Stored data
————
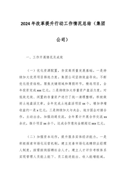 / 2024年改革提升行动工作情况总结(集团公司)
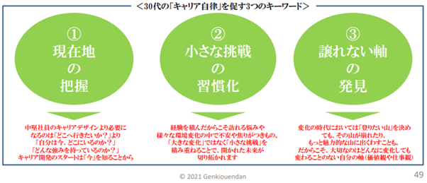 そんな中、30代は、がむしゃらに走ってきた20代とは異なり、一歩立ち止まって今後のキャリアを考えるタイミングです。彼ら彼女らのキャリア開発には、どのようなキーワードが重要なのでしょうか。
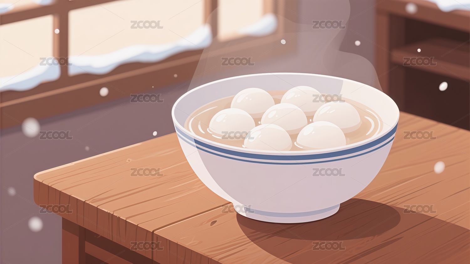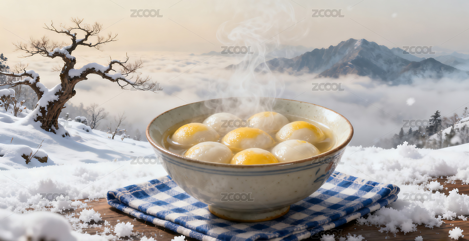 冬至时节吃汤圆的雪地背景
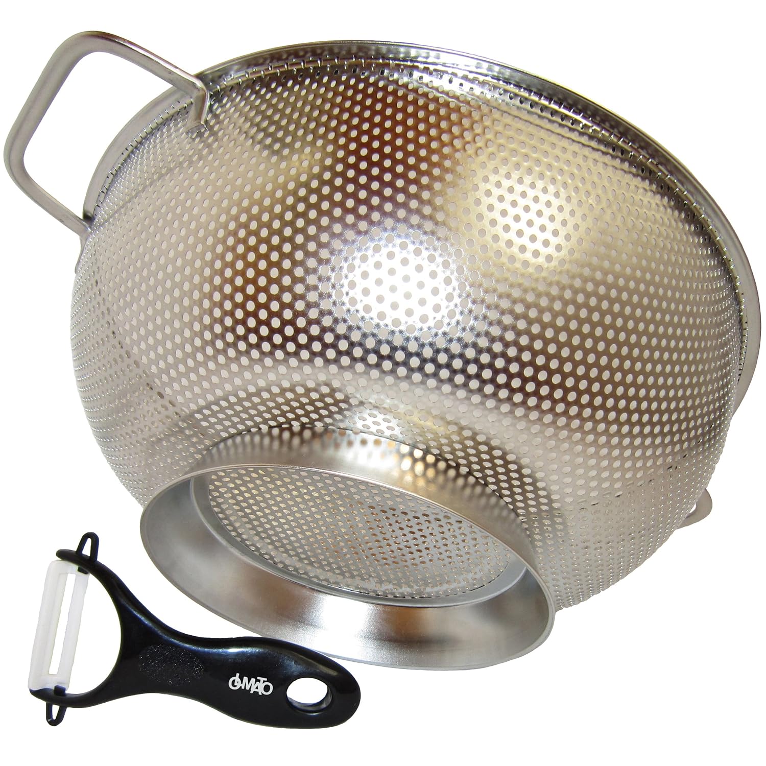 Olmato Stainless Steel Micro Perforated Colander With Handles 5-Quart, Best Metal Mesh Strainer For Pasta, Rice, Noodles, Orzo, Fresh Fruits And Vegetables With Ceramic Peeler is best for youYour Search For The Most Efficient Stainless Steel Colander Is Finally Over! No slow or incompletely draining water. No more watching your spaghetti or rice slip through the holes. No worries about warping, scratching, rusting or tipping over. Whether you're boiling pasta, steaming vegetables or washing fruit, the Olmato Stainless Steel Colander simply makes your life easier.Why This Is The Best Metal Colander: - It is made of the highest quality Stainless Steel that will never rust and will always provide a hygienic water draining! - Features special diameter holes that ensure a fast drainage without allowing for small pieces of food to pass through - Great for washing rice with minimal loss! - Our kitchen colander has holes from the bottom to the top, guaranteeing a fast water draining no matter what you put in! - The Olmato metal colander also features a sturdy ring base that will provide greater stability compared to strainers with just 3 legs that fall constantly into the sink hole! - This stainless steel strainer is dishwasher safe and can be cleaned hassle free manually because it is made of a steel sheet without using any metal wires! - Holds up to 5 quart of food or vegetables and can be used as a container or plate for your countertop! - Manufactured using FDA approved food grade stainless steel.Buying Olmato colander you get Ceramic fruit & vegetable peeler. Ceramic peeler surface is bright and clean, not easy to absorb food particles, easy to clean, always protect the true colors, Peel Potato, Carrot, Apple, Pear, Cucumber and More. The pursuit of quality of life of people, has been in use. Scroll Up & Click Add To Cart Now, While This Unbeatable Price Still Exists!
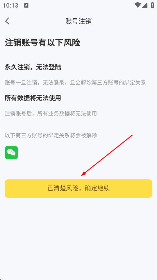 4、在賬號注銷提示頁面,閱讀注銷風險后,點擊已清楚風險,確定繼續(xù)。
————
• _Task_
Nothing but an exact copy belongs in the answer: the lines from the top of the records through the line containing "冬至时节吃汤圆的雪地背景", minus the pictures.

• _Your solution_
 / 2024年改革提升行动工作情况总结(集团公司)
 そんな中、30代は、がむしゃらに走ってきた20代とは異なり、一歩立ち止まって今後のキャリアを考えるタイミングです。彼ら彼女らのキャリア開発には、どのようなキーワードが重要なのでしょうか。
 冬至时节吃汤圆的雪地背景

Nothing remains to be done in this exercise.